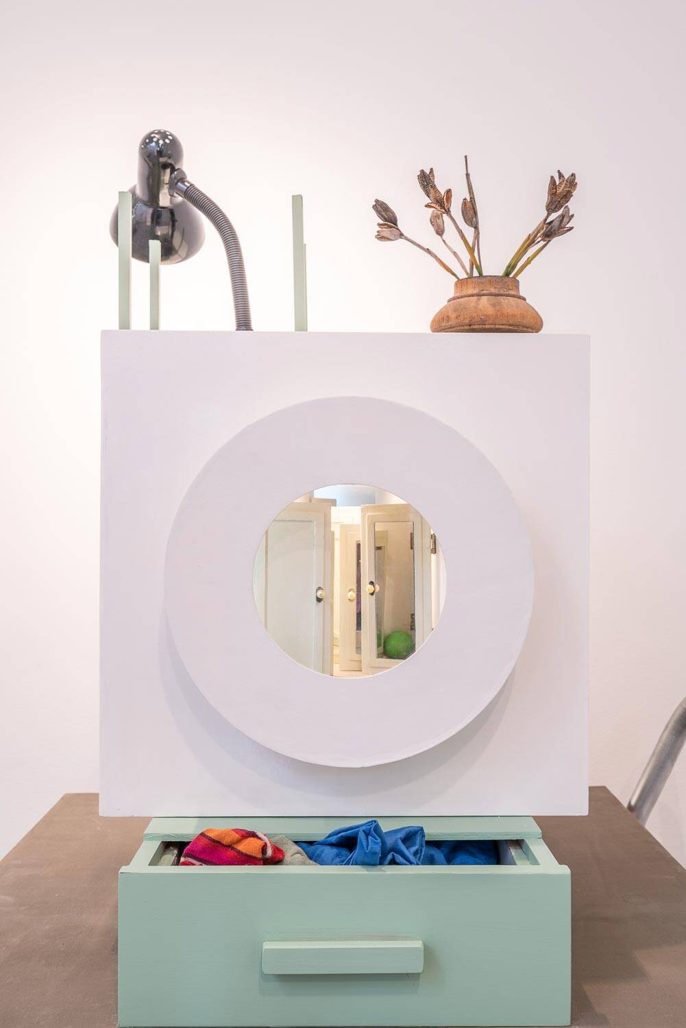 מסלול התנועה בגלריה משנה את מה שרואים ואני מקווה שהוא מייצר הפתעות. בדרך מהכניסה ועד סוף הגלריה רואים דברים שונים מאלה שרואים כשנעים בכיוון ההפוך. בסופו של דבר, זווית הראיה שלנו, נקודת המבט שלנו והעמדה שלנו, משנה את איך שאנחנו רואים דברים גם בעולם שמחוץ לגלריה. לעניין ארץ המראה שהזכרת – אכן. המראות גם נמצאות פיזית בחלל התערוכה
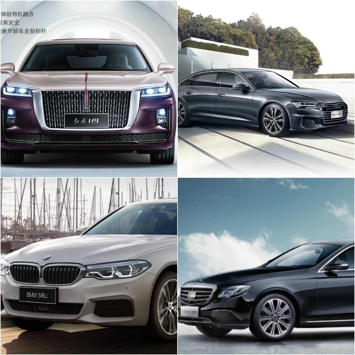 配置层面,分别取各车型关注度最高的进行对比,即红旗H9 2020款2.0T智联旗享版(售32.98万元)、奥迪A6L 2020款45 TFI臻选致雅型(售43.98万元)、宝马5系2020款525Li运动套装(售42.69万元)、奔驰E级2020款 改款E 300 L殊享版(49.98万元)。
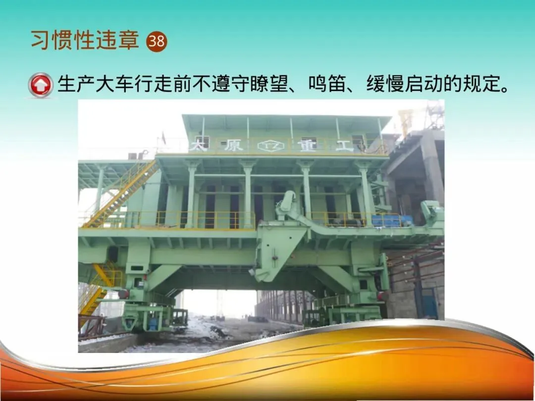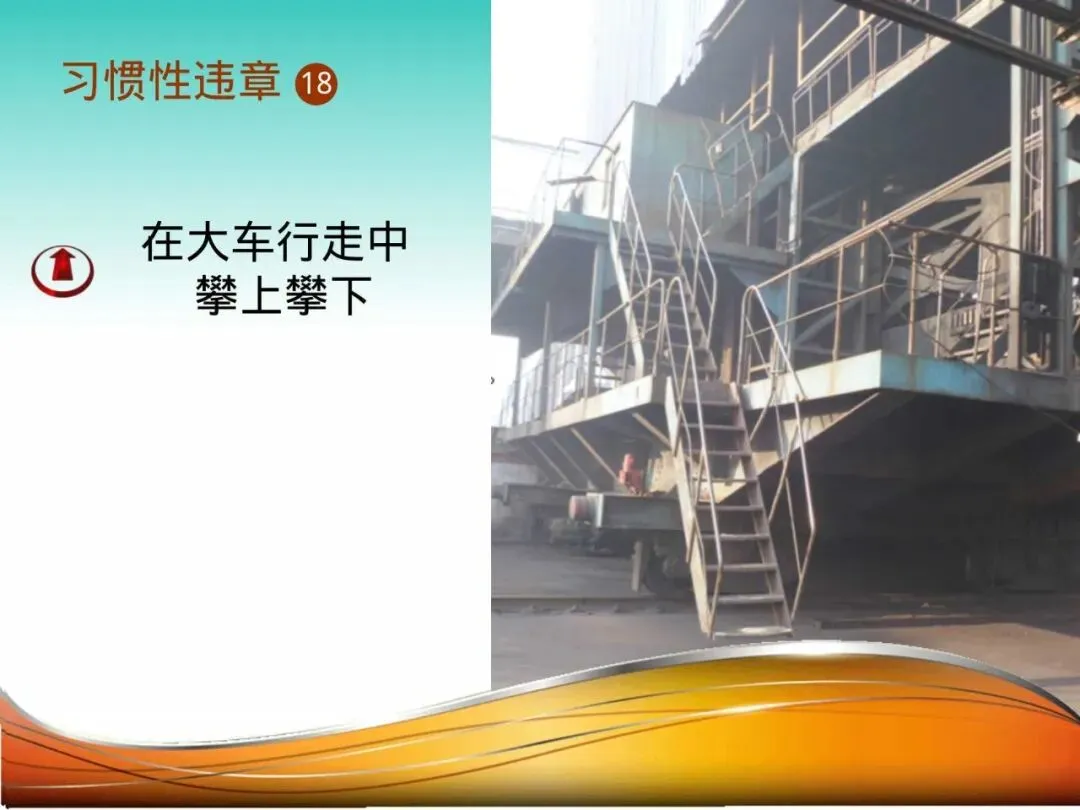 18.大车行走中攀上攀下:天车操作员陈某,在天车(行车)未完全停稳时便匆忙下车,跳向地面平台。因惯性跌落,磕碰在钢结构上。必须遵循“车停稳,再上下”的铁律。
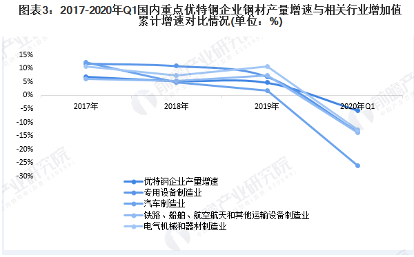 特鋼產(chǎn)業(yè)是我國(guó)制造業(yè)發(fā)展的重要產(chǎn)業(yè)基礎(chǔ)。數(shù)據(jù)顯示,我國(guó)重點(diǎn)優(yōu)特鋼企業(yè)鋼材產(chǎn)量增速與其關(guān)聯(lián)行業(yè)的變化密切相關(guān)。
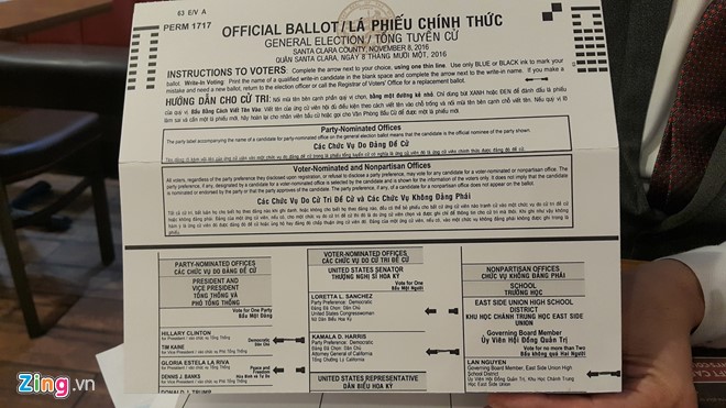 Lá phiếu có in song ngữ tiếng Anh và tiếng Việt của một cử tri gốc Việt bầu chọn bà Hillary Clinton.
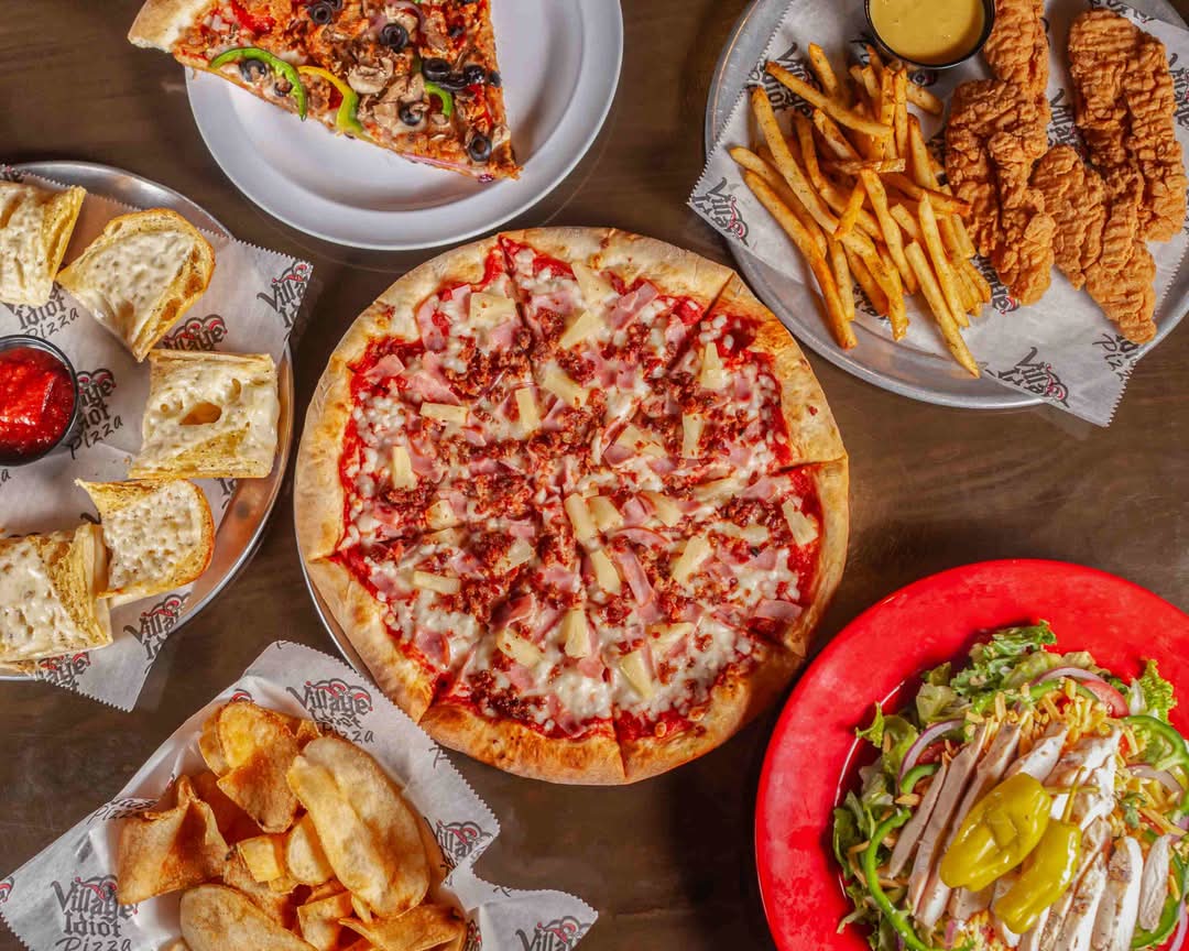 The most ordered items from Village Idiot (612 Whaley St Ste A) are: 16” Octopus’ Garden, Pound of Wings, 16” Freshman Fifteen.
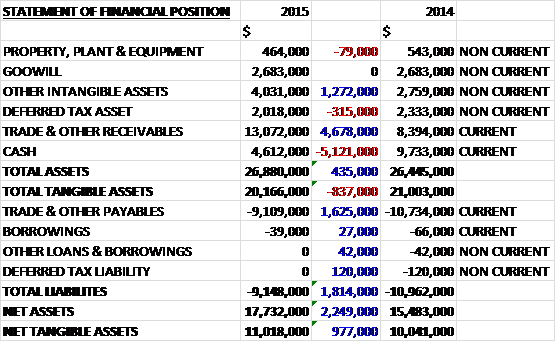 When compared to the endpoint of last year, total assets increased by $435K driven by a $4.7M growth in receivables and a $1.3M increase in other intangible assets, partially offset by a $5.1M decline in cash levels and a $315K fall in the deferred tax assets.   Liabilities fell during the year mainly due to a $1.6M decrease in payables which meant that the net tangible assets were $11M, an increase of $977K year on year.
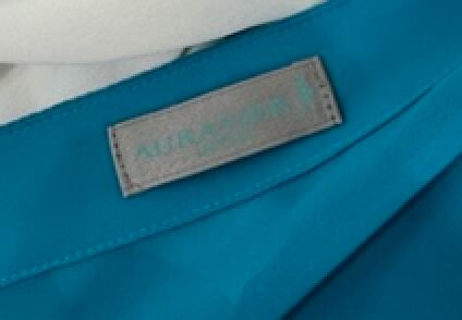 ターコイズBLUEで、後ろ身頃が無地、前身頃にプリントとロゴが入った

--------------------------------------------------

Using the entries above, repeat exactly the lines from the one with "Lá phiếu có" to the one with "The most ordered", both included, and leave the pictures behind.

**EXPECTED ANSWER:**
 Lá phiếu có in song ngữ tiếng Anh và tiếng Việt của một cử tri gốc Việt bầu chọn bà Hillary Clinton.
 The most ordered items from Village Idiot (612 Whaley St Ste A) are: 16” Octopus’ Garden, Pound of Wings, 16” Freshman Fifteen.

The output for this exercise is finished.